Geometric Distance Metrics

1. Euclidean Distance (L2 Norm)

The Euclidean distance is the most widely used distance metric in machine learning, especially in K-means clustering. It calculates the straight-line distance between two data points in vector space.

👉 Euclidean Distance is like like measuring with a ruler

Formula for 'n' dimensions

For two points $P = (x_{1}, x_{2}, . . ., x_{n})$ and $Q = (y_{1}, y_{2}, . . ., y_{n})$ , the Euclidean distance $d (P, Q)$ is defined as:

d (P, Q) = \sqrt{\sum_{i = 1}^{n} (x_{i} - y_{i})^{2}}

Component Breakdown:

$x_{i}$ and $y_{i}$ : Coordinates of the two points $P$ and $Q$ in $n$ -dimensional space
$\sum_{i = 1}^{n}$ : Summation over all $n$ dimensions (features)
$(x_{i} - y_{i})^{2}$ : Squared difference between corresponding coordinates (ensures positive values)
$\sqrt{\cdot}$ : Square root gives actual distance (otherwise it's squared Euclidean distance)

Visual Representation in 2D:

Example in 2D:

$P = (3, 4), Q = (0, 0)$
$d (P, Q) = \sqrt{(3 - 0)^{2} + (4 - 0)^{2}} = \sqrt{9 + 16} = \sqrt{25} = 5$

👉 In K-Means: Point $Q$ represents the cluster centroid, and we minimize the sum of squared Euclidean distances

When to Use:

Features are continuous and on similar scales
Data is relatively normally distributed
All features have equal importance
You need intuitive, geometric distance

Advantages:

✅ Intuitive and geometrically meaningful
✅ Directly optimized in K-Means
✅ Works well with compact, spherical clusters

Disadvantages:

❌ Sensitive to scale: Features with larger ranges dominate the distance
❌ Curse of dimensionality: Becomes less meaningful in very high dimensions
❌ Sensitive to outliers: Squared differences amplify large deviations
❌ Assumes feature independence: Doesn't account for correlations

Practical Tips:

Always standardize/normalize features before using Euclidean distance
Consider using Mahalanobis distance if features are correlated
Use Manhattan distance if you want to reduce outlier sensitivity

❗ What’s wrong with using Euclidean Distance for Multivariate data?

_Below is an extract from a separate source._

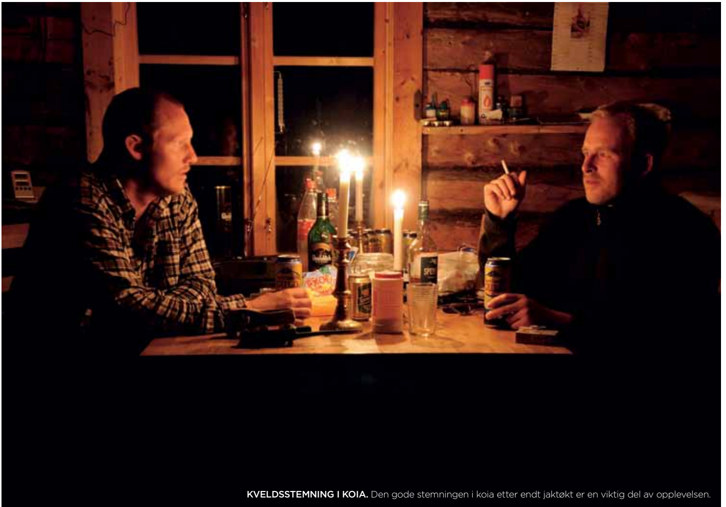
KVELDSSTEMNING I KOIA. Den gode stemningen i koia etter endt jaktøkt er en viktig del av opplevelsen.

Euclidean distance does not account for correlations among features

1. Euclidean Distance Ignores Correlation:

Euclidean distance only measures the straight-line distance between two points, without considering relationships between dimensions (features). However, in real-world datasets, features are often correlated or dependent on one another (e.g., height and weight, or income and spending habits).

2. Misleading Interpretation in Correlated Data

When features are positively or negatively correlated, data points form an elliptical distribution rather than a spherical one. In such cases, Euclidean distance assumes the points are distributed equally in all directions, leading to misleading distance measurements.

Illustration of Correlated Data

Uncorrelated Data (Left Plot)
When Point 1 and Point 2 are uncorrelated (points are distributed uniformly in all directions): The Euclidean distance is effective because it directly measures the proximity of a point to the cluster's centroid.
Correlated Data (Right Plot)
When Point 1 and Point 2 are correlated (e.g., points tend to form an elliptic cluster):
- Both Point 1 (inside the cluster) and Point 2 (outlier) can have identical Euclidean distances to the centroid.
  - Point 1 (purple) aligns with the direction of the cluster (along the ellipse's major axis).
  - Point 2 (pink) deviates significantly from the cluster because it goes against the natural direction of the data variance.
Despite its deviation, Euclidean distance cannot capture this, making Point 2 look just as close to the cluster as Point 1.

Why Does This Happen?

Euclidean distance ignores the distribution of other points in the dataset. It only considers the distance between two individual points and doesn't account for how the rest of the points vary. Essentially:

It assumes the data is spherically symmetric (same variance in all directions).
It ignores the spread and correlation structure of the data, which are critical in identifying clusters or determining whether a point is an outlier.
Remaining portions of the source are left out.